Random Hash Functions
Posted on Sunday, April 1, 2012.
A hash function for a particular hash table should always be deterministic, right? At least, that's what I thought until a few weeks ago, when I was able to fix a performance problem by calling rand inside a hash function.
A hash table is only as good as its hash function, which ideally satisfies two properties for any key pair k1, k2:
- If k1 == k2, hash(k1) == hash(k2).
- If k1 != k2, it should be likely that hash(k1) != hash(k2).
Normally, following rule 1 would prohibit the use of random bits while computing the hash, because if you pass in the same key again, you'd use different random bits and get a different hash value. That's why the fact that I got to call rand in a hash function is so surprising.

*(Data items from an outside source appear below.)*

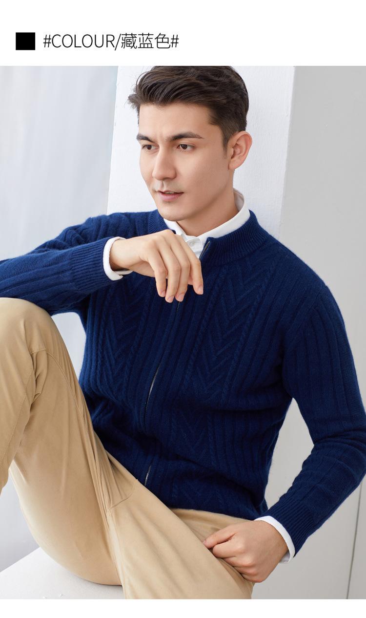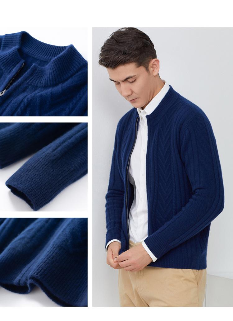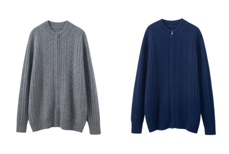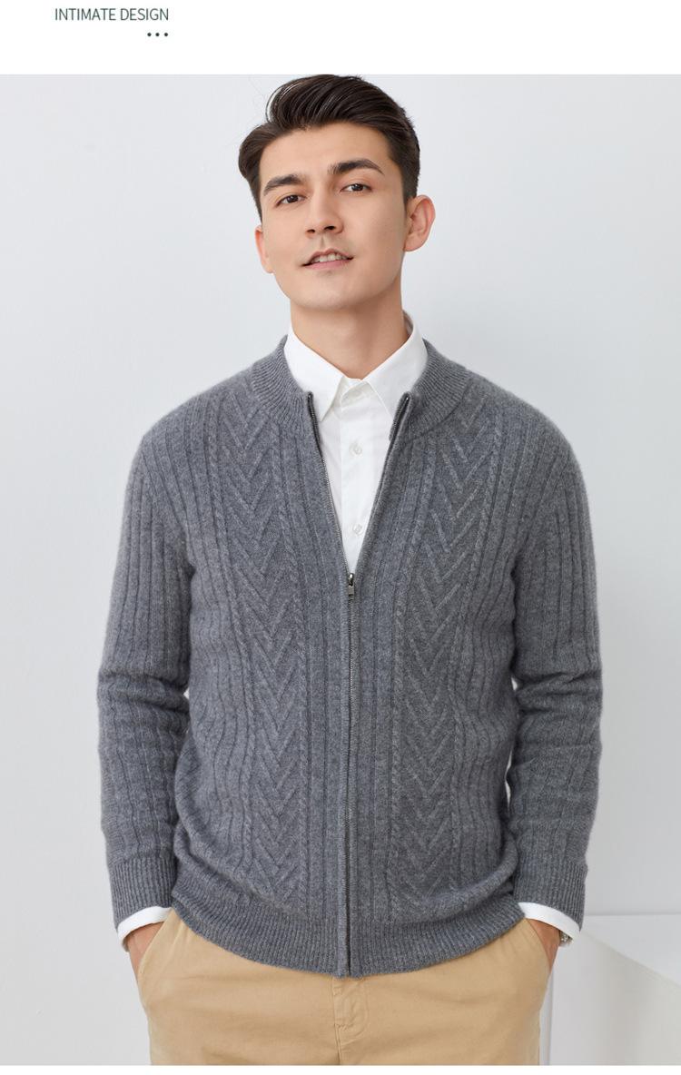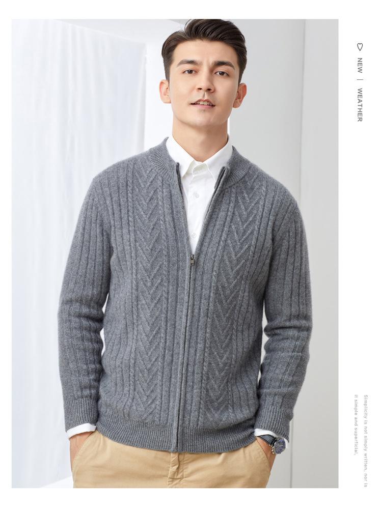 Cárdigan de cachemira 100% pura con cremallera para hombre, abrigo exterior suelto y trenzado informal, grueso, 2022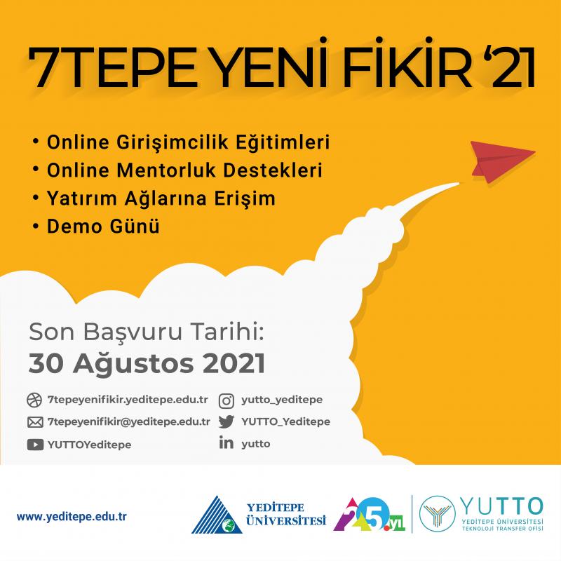 Teknoloji odaklı iş fikirlerinin iş geliştirme eğitimleri, mentorluk, yatırım ağlarına erişim ile destekleneceği 7Tepe Yeni Fikir 2021 Erken Aşama Girişim Hızlandırma Programı çağrısı açıldı. 30 Ağustos 2021 tarihine kadar başvuruları alınacak programa başvuru ve detaylı bilgi için 7tepeyenifikir.yeditepe.edu.tr web sitesini ziyaret edebilir, sorularınız için 7tepeyenifikir@yeditepe.edu.tr e-posta adresinden iletişime geçebilirsiniz.
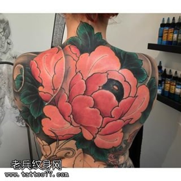 背部的一枝大牡丹纹身图案

If the hash function violates rule 1, your hash table just breaks: you can't find things you put in, because you are looking in the wrong places. If the hash function satisfies rule 1 but violates rule 2 (for example, “return 42”), the hash table will be slow due to the large number of hash collisions. You'll still be able to find the things you put in, but you might as well be using a list.
The phrasing of rule 1 is very important. It is not sufficient to say simply “hash(k1) == hash(k1)”, because that does not take into account the definition of equality of keys. If you are building a hash table with case-insensitive, case-preserving string keys, then “HELLO” and “hello” need to hash to the same value. In fact, “hash(k1) == hash(k1)” is not even strictly necessary. How could it not be necessary? By reversing rule 1, hash(k1) and hash(k1) can be unequal if k1 != k1, that is, if k1 does not equal itself.
How can that happen? It happens if k1 is the floating-point value NaN (not-a-number), which by convention is not equal to anything, not even itself.
Okay, but why bother? Well, remember rule 2. Since NaN != NaN, it should be likely that hash(NaN) != hash(NaN), or else the hash table will have bad performance. This is very strange: the same input is hashed twice, and we're supposed to (at least be likely to) return different hash values. Since the inputs are identical, we need a source of external entropy, like rand.
What if you don't? You get hash tables that don't perform very well if someone can manage to trick you into storing things under NaN repeatedly:
$ cat nan.py #!/usr/bin/python import timeit def build(n): m = {} for i in range(n): m[float("nan")] = 1 n = 1 for i in range(20): print "%6d %10.6f" % (n, timeit.timeit('build('+str(n)+')', 'from __main__ import build', number=1)) n *= 2 $ python nan.py 1 0.000006 2 0.000004 4 0.000004 8 0.000008 16 0.000011 32 0.000028 64 0.000072 128 0.000239 256 0.000840 512 0.003339 1024 0.012612 2048 0.050331 4096 0.200965 8192 1.032596 16384 4.657481 32768 22.758963 65536 91.899054 $
The behavior here is quadratic: double the input size and the run time quadruples. You can run the equivalent Go program on the Go playground. It has the NaN fix and runs in linear time. (On the playground, wall time stands still, but you can see that it's executing in far less than 100s of seconds. Run it locally for actual timing.)
Now, you could argue that putting a NaN in a hash table is a dumb idea, and also that treating NaN != NaN in a hash table is also a dumb idea, and you'd be right on both counts.
But the alternatives are worse:
- If you define that NaN is equal to itself during hash key comparisons, now you have a second parallel definition of equality, to handle NaNs inside structs and so on, only used for map lookups. Languages typically have too many equality operators anyway; introducing a new one for this special case seems unwise.
- If you define that NaN cannot appear as a hash table key, then you have a similar problem: you need to build up logic to test for invalid keys such as NaNs inside structs or arrays, and then you have to deal with the fact that your hash table might return an error or throw an exception when inserting values under certain keys.
The most consistent thing to do is to accept the implications of NaN != NaN: m[NaN] = 1 always creates a new hash table element (since the key is unequal to any existing entry), reading m[NaN] never finds any data (same reason), and iterating over the hash table yields each of the inserted NaN entries.
Behaviors surrounding NaN are always surprising, but if NaN != NaN elsewhere, the least surprising thing you can do is make your hash tables respect that. To do that well, it needs to be likely that hash(NaN) != hash(NaN). And you probably already have a custom floating-point hash function so that +0 and −0 are treated as the same value. Go ahead, call rand for NaN.
(Note: this is different from the hash table performance problem that was circulating in December 2011. In that case, the predictability of collisions on ordinary data was solved by making each different table use a randomly chosen hash function; there's no randomness inside the function itself.)